I start a book with a subject matter. In the case of Harvest , the subject matter was: how we want to hold to the places that we call our own, and how we want to leave them. Also how people want to come to the places that we call our own and how we resent them.

When you get the subject matter, you don’t have a setting, characters or plot. I don’t need them. That’s a pretentious thing to say. I don't need them. Because Narrative is ancient — people have been telling stories for thousands of years before the printed word came out. And if Narrative is ancient, it knows a lot. It is wise, it is mischievous, and it is generous.

The generosity of narrative is really important; it has survived because it confers upon us several advantages, otherwise it will have died out. That is how it has survived. You can come to it with an idea in mind. If it is generous it will give you characters, plot and setting. I am very happy to turn up at the desk and see them sitting on the page almost un-summoned, almost organic rather than something that’s imposed. Narrative is very playful. You don’t let yourself go. You are like a boy flying a kite. You are aware the kite doesn’t fly at all without the wind. Mixture of control and abandonment — it’s a trick you’ve got to get the right proportions for both and each of them. Trying to get it right is what is exciting. You probably never get it right. But you’ve got to keep trying.

The vocabulary and words are my picture and my musicHow do you convince people about the truth of a place that doesn’t exist? It’s not a novel about a recognisable place. The characters have never existed. You can’t say it looks and tastes like this. You’re making it up. How do you persuade people that it’s real? It’s not about having the information. It’s about having the vocabulary to fool everybody — it’s the trick to fiction. I invent words. I turn nouns into verbs and play all sorts of trickery. Vocabulary is the key, not research. The idea is for me to sound supremely confident. Each word is a pigment of this picture if I can carry off the pretence. Then you can fool the reader that this world you invented, which has no more substance of steam, is rock solid.

It’s the ear for words — that’s the oral tradition. The spoken word by nature is melodic, not the written word. I can hear the rhythms and words of our sentences. How do you vary the length of your sentences to get that mother or her sleeping boy in the audience from falling off to sleep?

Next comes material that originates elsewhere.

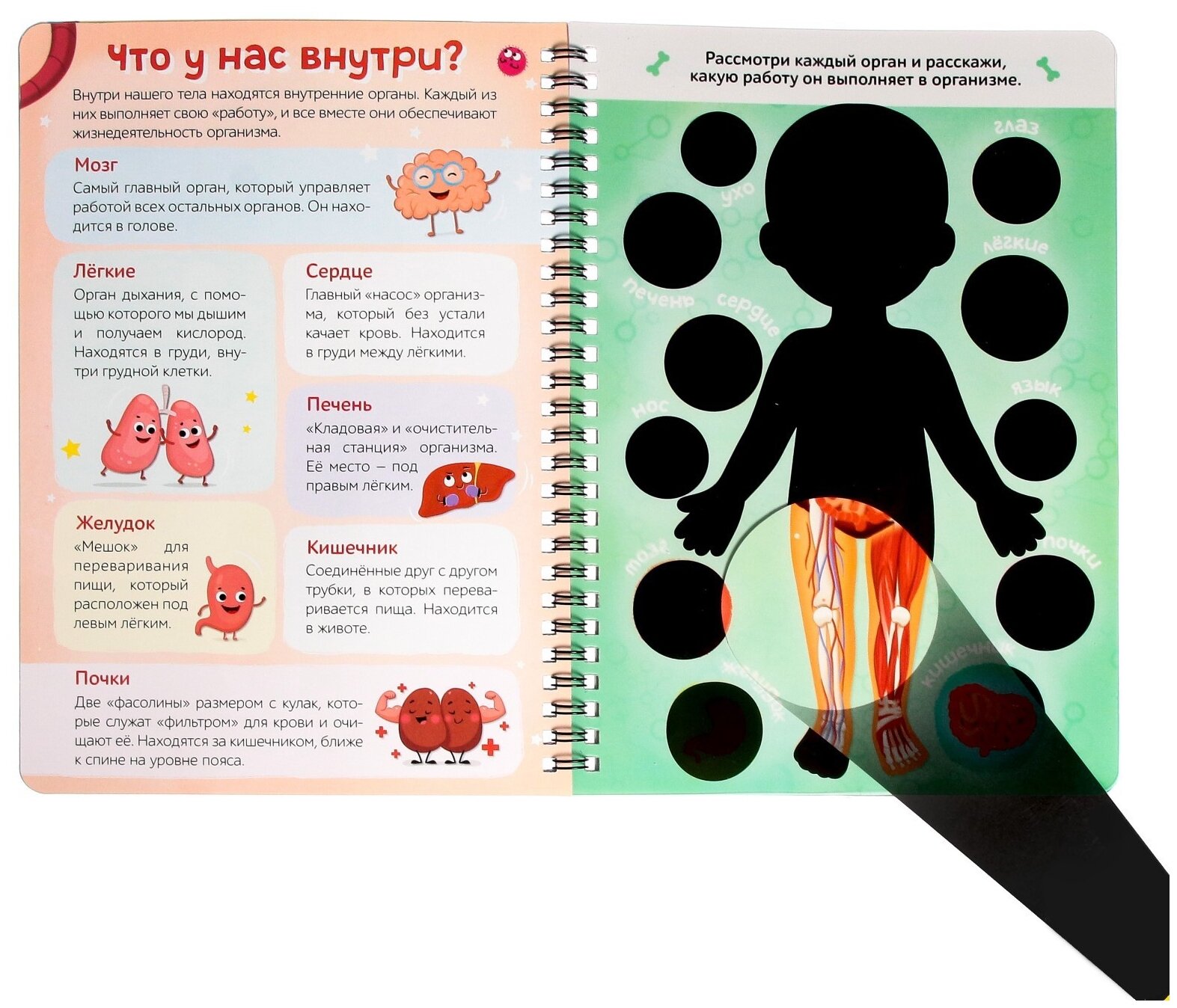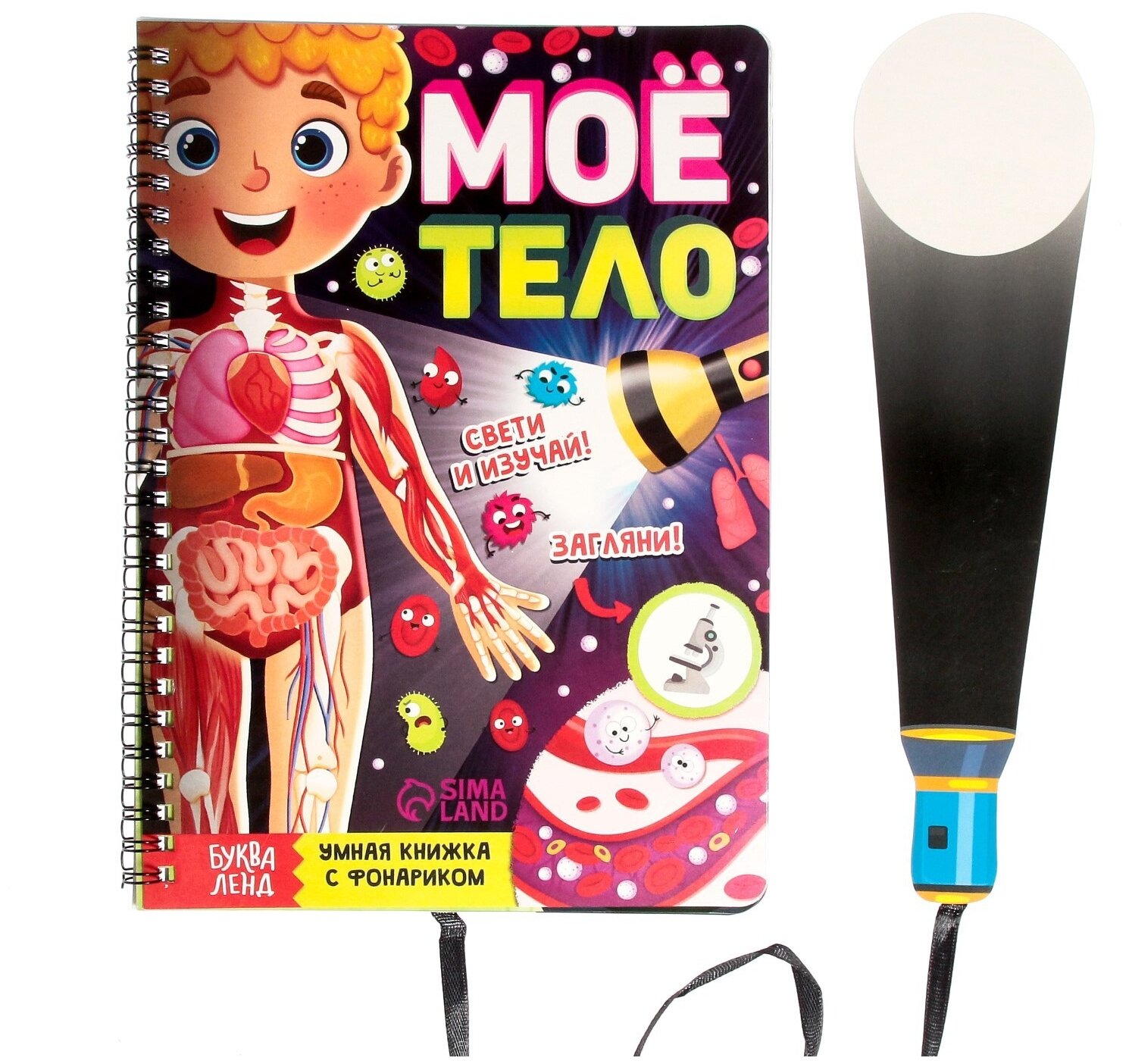 Умная книжка с фонариком «Моё тело». Свети и изучай, 30 стр.С умной книжкой «Моё тело» ребёнок узнает, как устроен человеческий организм и как работают все наши органы и системы. Выполняйте задания, ищите подсказки с помощью фонарика и узнавайте много нового вместе с малышом.Как разглядеть подсказки на страницах книжкиВозьмите фонарик и вложите его под страничку с чёрными элементами.Вы получите яркое изображение на пластиковой странице, где размещаете белую часть фонарика (луч).Остальные части страницы (не под фонариком) остаются в тени.Издание рекомендовано для детей старше 4 лет.-Вес: 170 г.-Количество в упаковке: 1-Кол-во страниц: 30-Тип индивидуальной упаковки: Пакет-Длина упаковки: 17.5-Высота упаковки: 24-Ширина упаковки: 1-Объем упаковки: 0.420-Объем продукта: 0.2759-Объем бокса: 24-Ширина: 17-Высота: 0.4-Габариты товара: 24 см × 17 см × 0,4 см-Материал: PVC, бумага, картон-Набор: Нет-Возраст: От 4 лет, Для детей-Количество страниц: 30-Символ года: Нет-Тема обучения: Окружающий мир, Развитие логики/мышления-Тип: С фонариком-Тип обложки: Мягкий переплёт-Вид: Игра-книга-Автор: Соколова Юлия Сергеевна

Your landscapes are also maps of social commentary, the past and the zeitgeist. How does it all come together?

These things don’t belong only to books, they belong to life. You don’t have to be a writer. You can just walk on the beach and stand and listen to the sea dragging the shingle off the beach to get a great sense of your own smallness in relation to the vast ocean to half intuit and remember all the creation myths to do with the sea and get a sense of your own mortality. The seashore does that for all of us. The sense in which the dragging off of the shingle is the dragging off of the minutes away from your life. We are not being phoney; we feel them.

Equally you don’t have to be a writer — when you reach the top of the hill on your walk on a Sunday afternoon — to hear something saying to you that is nearer to your idea of god — I don’t believe in gods. You’re among the heavens. All this has power and meaning. My novels are unembarrassed about those things. The archetypal things belong in landscape, which are rivers, mountain tops, the seashores, deserts — the list is longer than that — you and I can and everyone else can assign to each of those kinds of landscape a shared meaning — a universality of meaning that will be the same in Chennai as it is in Birmingham, where I come from. When I write my stories it’s that old oral tradition that I am calling upon.

Jim Crace is a panelist at The Hindu Lit for Life 2014 and the Chief Guest at the award ceremony of The Hindu Prize for fiction 2013.